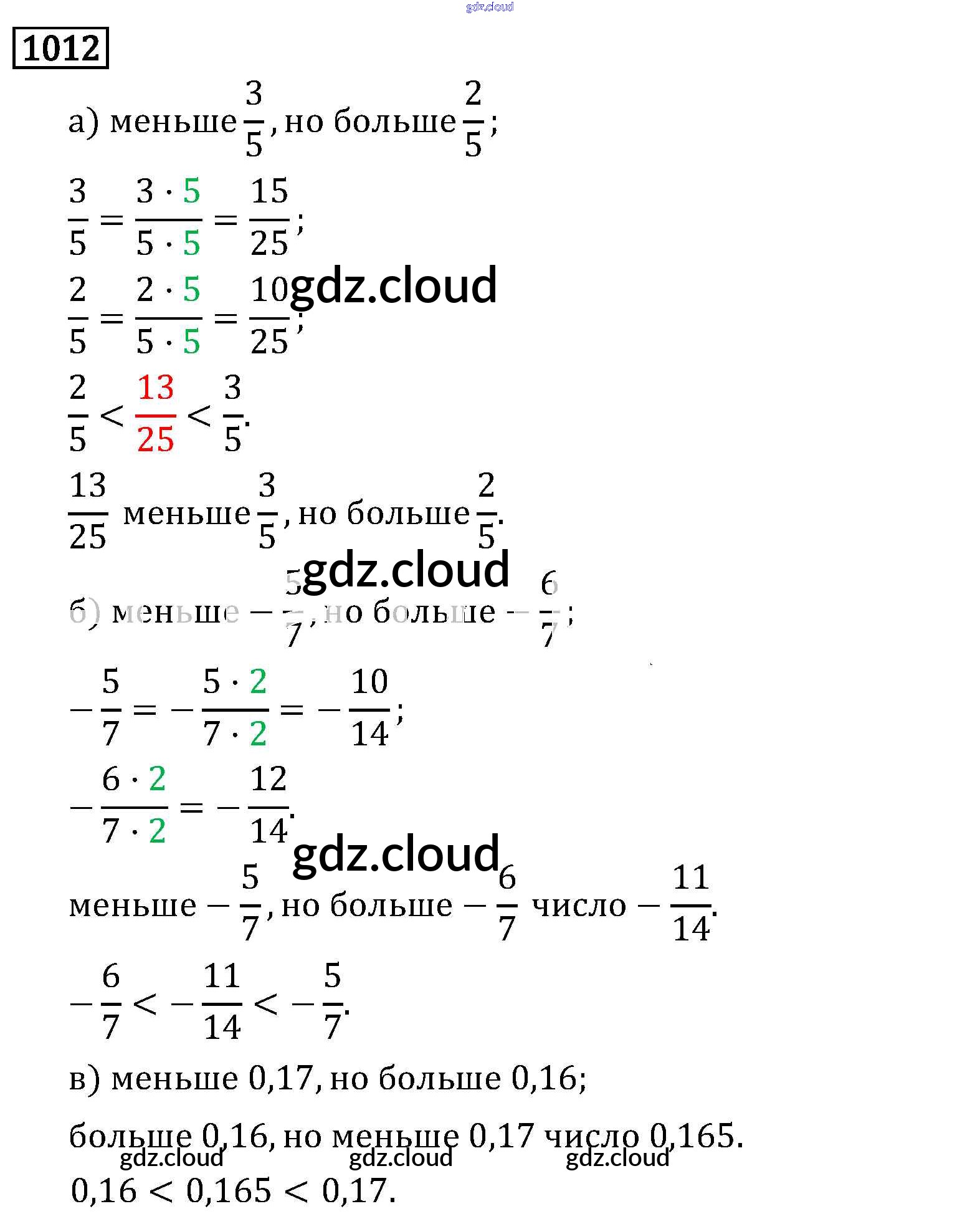 Ответ на задание 1012 Учебник Математика за 6 (шестой) класс Виленкин, Жохов, Чесноков, Шварцбурд 2014
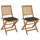 vidaXL Hopfällbara trädgårdsstolar med dynor 2 st massivt akaciaträ 3064667
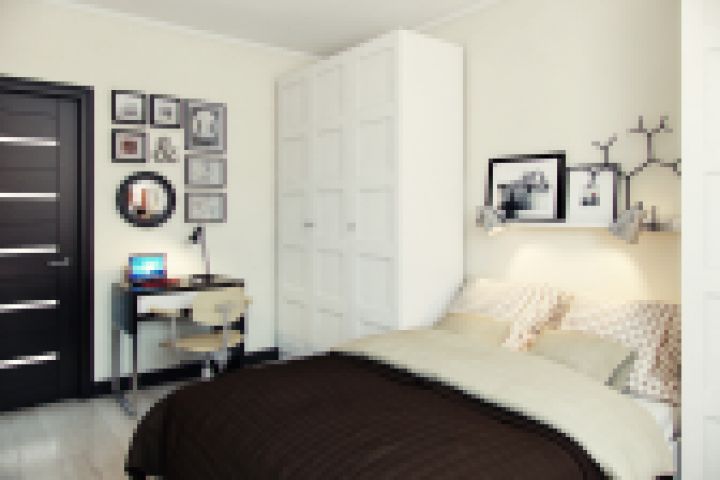 Спальня. Ракурс 2. Максимум использования пространства. Визуальное расширение помещения приемами дизайна

####

Type out the data above once more, exactly, with no images included.

EXERCISE OUTPUT →
 Ответ на задание 1012 Учебник Математика за 6 (шестой) класс Виленкин, Жохов, Чесноков, Шварцбурд 2014
 vidaXL Hopfällbara trädgårdsstolar med dynor 2 st massivt akaciaträ 3064667
 Спальня. Ракурс 2. Максимум использования пространства. Визуальное расширение помещения приемами дизайна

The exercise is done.